A prospective intervention compared dietary, weight and glycemic indicators for 107 control subjects and for 112 women who received the intervention during the course of their pregnancy. A control period in 4 communities (July 1995–March 1996) was followed by an intervention period (April 1996–January 1997) when subjects were offered regular, individual diet counselling, physical activity sessions and other activities related to nutrition.
The intervention and control groups did not differ at baseline regarding their mean age (24.3 years [SD 6.29] v. 23.8 years [SD 5.86]), mean prepregnancy weight (81.0 kg [SD 19.46] v. 78.9 kg [SD 17.54]) and mean gestational age at recruitment (17.1 weeks [SD 7.06] v. 18.5 weeks [SD 6.92]). The intervention did not result in differences in diet measured at 24–30 weeks' gestation, rate of weight gain over the second half of pregnancy (0.53 kg per week [SD 0.32] v. 0.53 kg per week [SD 0.27]) or plasma glucose level (50 g oral glucose screen) between 24 and 30 weeks (7.21 mmol/L [SD 2.09] v. 7.43 mmol/L [SD 2.10]). Mean birth weights were similar (3741 g [SD 523] v. 3686 g [SD 686]), as was maternal weight at 6 weeks post partum (88.1 kg [SD 16.8] v. 86.4 kg [SD 19.0]). The only changes in dietary intake were a reduction in caffeine (pregnancy) and an increase in folate (post partum).
This intervention had only a minor impact on diet; finding ways of encouraging appropriate body weight and activity levels remains a challenge.
The Cree of the Eeyou-Istchee region of eastern James Bay have high rates of gestational diabetes mellitus (GDM) at 12.8%.1 These metabolic disturbances put both women and their children at increased risk of developing type 2 diabetes.2 In addition, obesity is prevalent in many Aboriginal communities,3 and obesity is linked to an increased risk of infant macrosomia.4 The most important risk factors for GDM apart from Aboriginal origin are greater age at pregnancy, higher body mass index, family history of diabetes and, possibly, lower socioeconomic status.5,6 These risk factors are not readily amenable to change.

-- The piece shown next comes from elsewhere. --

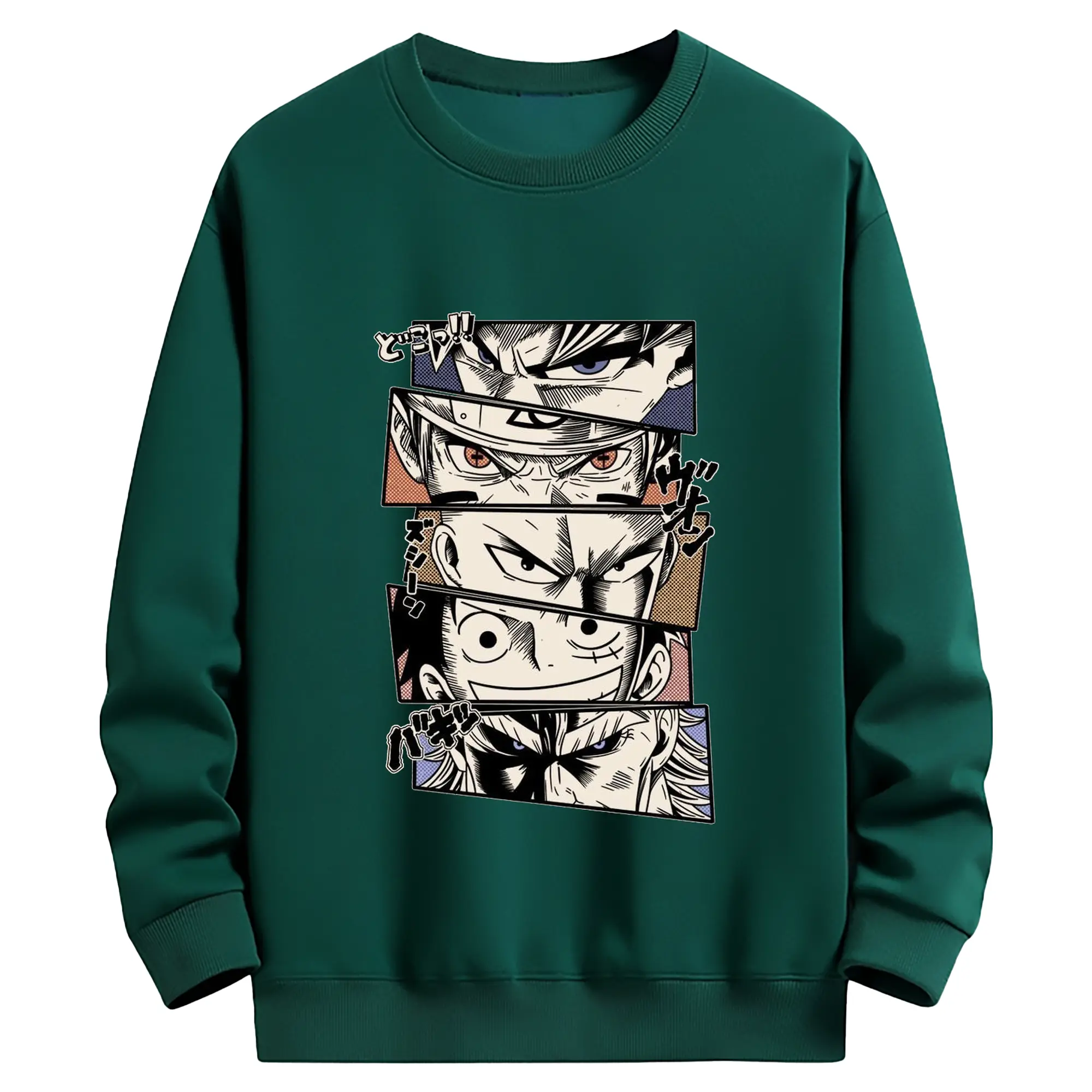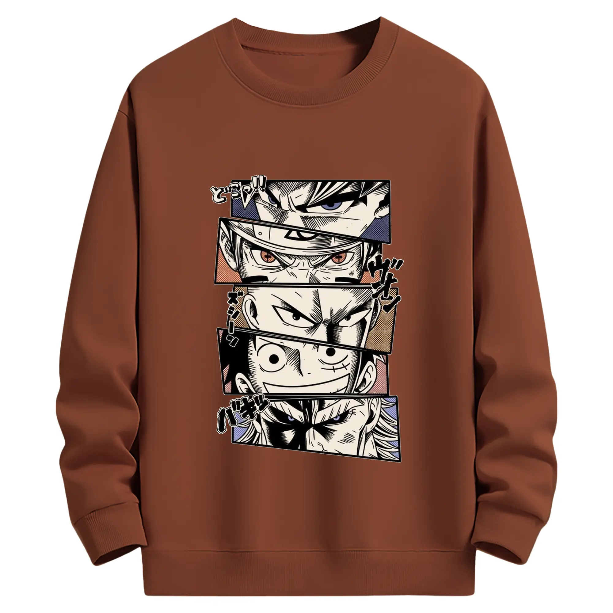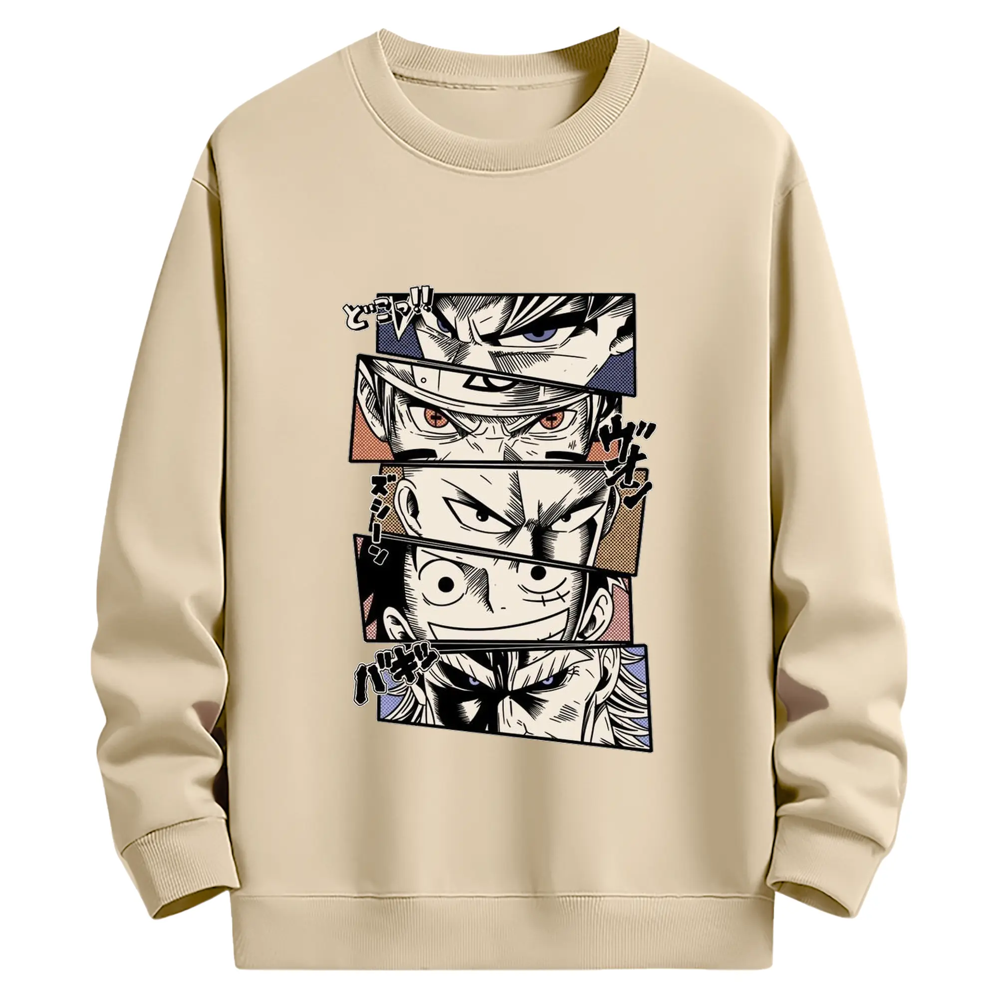 ワンピース モンキー・D・ルフィ - 高品質 クルーネック スウェット ・ コットン59% ポリエステル41% ・ ユニセックス 長袖 トレーナー ・ カジュアル デイリー スポーツ 散歩用

There is, however, some evidence to suggest that decreased weight gain during pregnancy among obese women is associated with a lower rise in fasting insulin concentrations.7 Although a reduction in the rate of weight gain has been observed among women treated for GDM,8 there is little information as to whether such an intervention is feasible or effective among overweight pregnant women who do not have this condition.
This paper describes the evaluation of an intervention aimed at improving dietary intake during pregnancy, optimizing gestational weight gain, glycemic levels and birth weight, and avoiding unnecessary postpartum weight retention. The research proposal was developed at the request of, and in close collaboration with, the Cree Board of Health and Social Services of James Bay, which provides health and social services to over 12 000 Cree based in 9 communities in northern Quebec.
All Cree women receiving prenatal services prior to 26 weeks' gestation in the communities of Chisasibi, Wemindji, Waswanipi and Mistissini between July 1995 and January 1997 were eligible. Only women with pregestational diabetes were excluded from the study. Women recruited between July 1995 and March 1996 served as controls, whereas women identified between April 1996 and January 1997 made up the intervention group. All participants gave signed informed consent to be in the study, which was approved by the Ethics Review Board of McGill University. Data on all pregnancies occurring during the study period were used to calculate the participation rate and compare participants with nonparticipants.
During the control period, study participants were seen by the dietitian for dietary evaluations at 24–30 weeks' gestation and at 6 weeks post partum. Data on weight gain and glucose values were collected by the clinic staff following routine procedures.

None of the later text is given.